Rishi Valley mourns the passing of Mammen Thomas. After a brief illness, ‘Mr Thomas’, as he was always known to us, died on January 17th 2013, at his home in Trivandrum. He had served Rishi Valley Education Centre in several capacities from 1967 to 1992 -- first as a teacher, later as Bursar and chief financial officer. In a crucial decade beginning in 1980, he laid the foundations of a modern administrative system for the school and its outreach programmes.

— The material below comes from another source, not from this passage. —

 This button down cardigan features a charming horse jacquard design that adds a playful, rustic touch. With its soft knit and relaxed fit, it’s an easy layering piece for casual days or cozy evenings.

Mr Thomas graduated from the University of Travencore in 1949, with a B.A. in Philosophy and Psychology, and shortly thereafter joined the British Colonial Services, stationed in East Africa, in the mainland part of Tanzania that was then known as Tanganyika. Working within the State Treasury Department in various senior positions, he acquired wide experience in both Government and Commercial systems of Accountancy. In 1964, he accepted a teaching position at the Civil Service Training Centre where, as Senior Instructor, he taught Public Finance and Administration, Accounting and Auditing; he also lectured at the Institute of Public Administration in Dar-es-Salaam. In 1967 he sought premature retirement from the the Civil Service Training Center in order to return to India. The letter of commendation he received from the Treasury Department highlights those qualities which would serve him well at Rishi Valley. It reads,
“In addition to his undoubted professional ability he has shown that he possesses in no small degree qualities of tact, patience and understanding so necessary when dealing with the local people of an emergent and developing country.”

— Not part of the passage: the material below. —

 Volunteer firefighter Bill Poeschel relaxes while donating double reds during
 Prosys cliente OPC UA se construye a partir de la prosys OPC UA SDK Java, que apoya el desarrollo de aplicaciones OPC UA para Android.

Mr Thomas arrived in Rishi Valley accompanied by his son, Sunil, and his wife, Rebecca, who was appointed senior teacher of biology at the school. For the first thirteen years Mrs Thomas taught biology while Mr Thomas free-lanced – motoring between Rishi Valley and his home in Trivandrum and if the need arose, teaching Social Studies and Mathematics in the junior school and Accounts and Commerce at the senior level. His old car, parked outside his house in Rishi Valley, stood next to a large wooden crate that had brought the family belongings from Dar-e-Salaam to Rishi Valley – a constant reminder of how far he had travelled and how lightly he carried his duties at the school.
In1980, when Krishnamurti sought to establish a more broad-based administrative structure for the school, he chose Mr Thomas to oversee the financial and administrative side of the Rishi Valley Education Centre, and selected Mrs Thomas to serve as Headmistress of the School.
Within a period of ten years in his capacity as Bursar, Mr Thomas laid the foundations of a fair-minded administration and a modern financial system. Toward this end he took on many roles, including teaching, long-range planning, overseeing the development of a network of school libraries, maintaining budget controls, dispensing homeopathic remedies, driving the school van to Bangalore for supplies, improving benefits for teachers and auxiliary staff, designing low-cost buildings for campus development, and quietly but effectively directing a Managing Committee to co-ordinate the many activities of a steadily growing and many-sided institution.
Against the background of his early training in philosophy and psychology, Mr Thomas regarded Accounting as a Master Discipline for running healthy institutions and supporting a decent life for those who live and work within them. In this spirit he conducted a short course in accounting for those of us who were new to this aspect of school life, and took an active interest in developing rural outreach programmes that were just then beginning to take shape.
When Mr Thomas retired from administrative duties at the age of sixty, he remained on campus for a few more years to oversee the transition to a new and younger generation while teaching Accounts to senior examination-going students. Then, in 1992, he packed up the wooden crate that had been parked for so many years in front of his Rishi Valley house, and returned to his ancestral home in Trivandrum.
For another twenty years or so Mr Thomas kept in close touch with developments at the school, functioning with Mrs Thomas as elder consultants and active members of the Executive Committee, never losing their concern for the welfare of Rishi Valley, its land, students, staff and the welfare of its neighbours in the surrounding community.
Throughout his long and active life, Mr Thomas responded to the call of duty, serving selflessly as required and finally retiring to the life of a private citizen when his term was over and his more public duties had been discharged – always with care, a wry sense of humour and a full measure of distinction. His is a life to be celebrated.